But the US Ambassador to the Soviet Union, Llewellyn Thompson, perhaps the most trusted US envoy next to Harriman, was unable to break new ground that Rusk could explore with Gromyko at UN-sponsored arms-control sessions in Geneva in March 1962.  Although inspection issues froze the public ENDC discussions, in private, Gromyko made it clear Berlin was still the big hurdle to a test ban.  Talks with new Soviet Ambassador Dobrynin and Rusk in Washington and new US Ambassador Foy Kohler in Moscow were equally frustrating.  The Soviets now wanted Berlin negotiation mainly to cover  Khrushchev's next adventure, the emplacement of ballistic nuclear missiles in Cuba.  Khrushchev may have realized that the West would offer no more concessions.  He decided that if the US faced the same danger the Soviets felt from West German missiles, they would change their mind on Berlin and arms-control.

After the effective end of negotiations by August 1962, came another wave of Berlin harassments  and then the Cuban missile crisis.

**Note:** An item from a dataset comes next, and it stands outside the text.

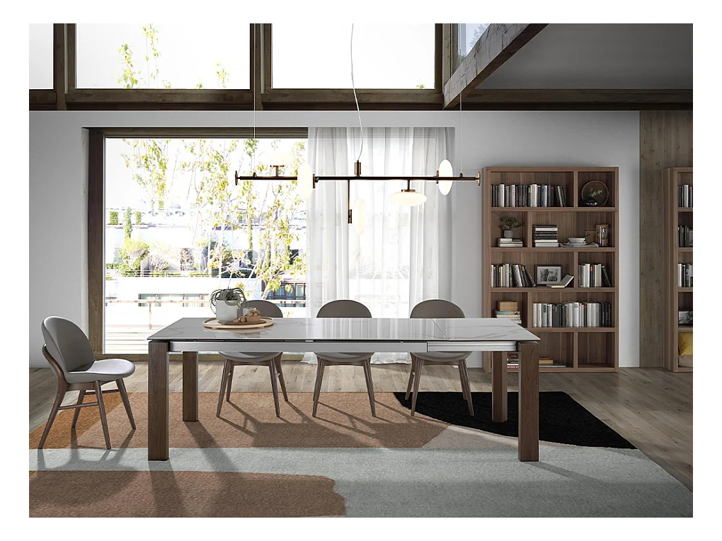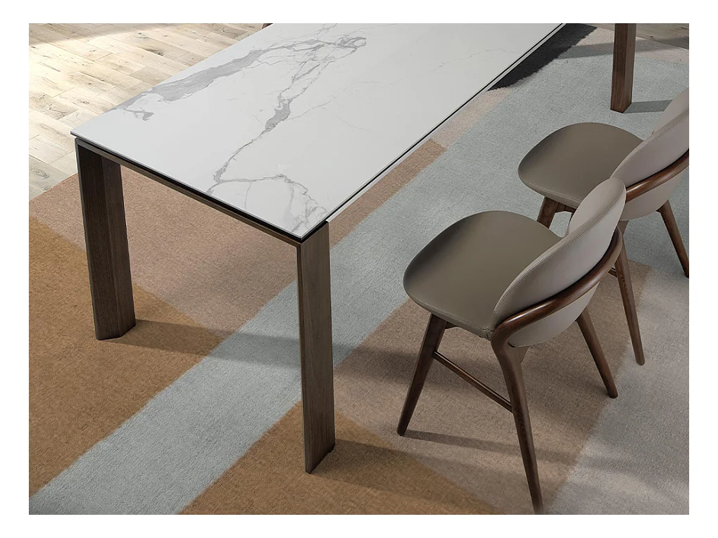 Stoel in walnootkleurig essenhout en Sabry-leer

Khrushchev was forced to withdraw his missiles, though he salvaged an unnecessary US concession to remove its own missiles from Turkey.  Prestige shattered, Khrushchev was never again able to regain momentum on his Berlin campaign.  He had other problems.  Agricultural failures,  military escalation, and shortfalls in consumer goods production stirred domestic discontent.  Schisms in the Communist bloc abroad encouraged hard-line rivals, including his protégé Leonid Brezhnev.

A Hunting License For Detente 2.

Khrushchev asked the advice of former American Ambassador, Averill Harriman,  visiting Moscow in April 1963.  Khrushchev downplayed the importance of a new German peace treaty.  All the Soviets wanted was the "normalization" of Berlin.  Harriman told the Chairman he should leave Berlin alone and "come to an agreement on a test ban."  He told Harriman they could work out a treaty, contingent on a Berlin agreement.  Harriman said he "would not buy a pig in a poke." The two issues had to be discussed separately.  Khrushchev joked that Harriman was "an old diplomat who knew how to talk without saying anything."

Kennedy issued a public call for better relations with the Russians, including nuclear arms control, in a June 9 speech.  Khrushchev appreciated Kennedy's remarks and, on June 20, approved a 'hot line' direct telephone/teletype link with the United States for better crisis communications.  He was less enthusiastic about Kennedy's remarks a week later in Berlin.  Kennedy enjoyed a thunderous reception and stopped briefly at Friedrichstrasse Crossing, site of General Lucius Clay's November 1961 tank standoff, but did not tour the Wall.  His famous "Ich bin ein Berliner" speech was rapturously received, but the Wall would stay. 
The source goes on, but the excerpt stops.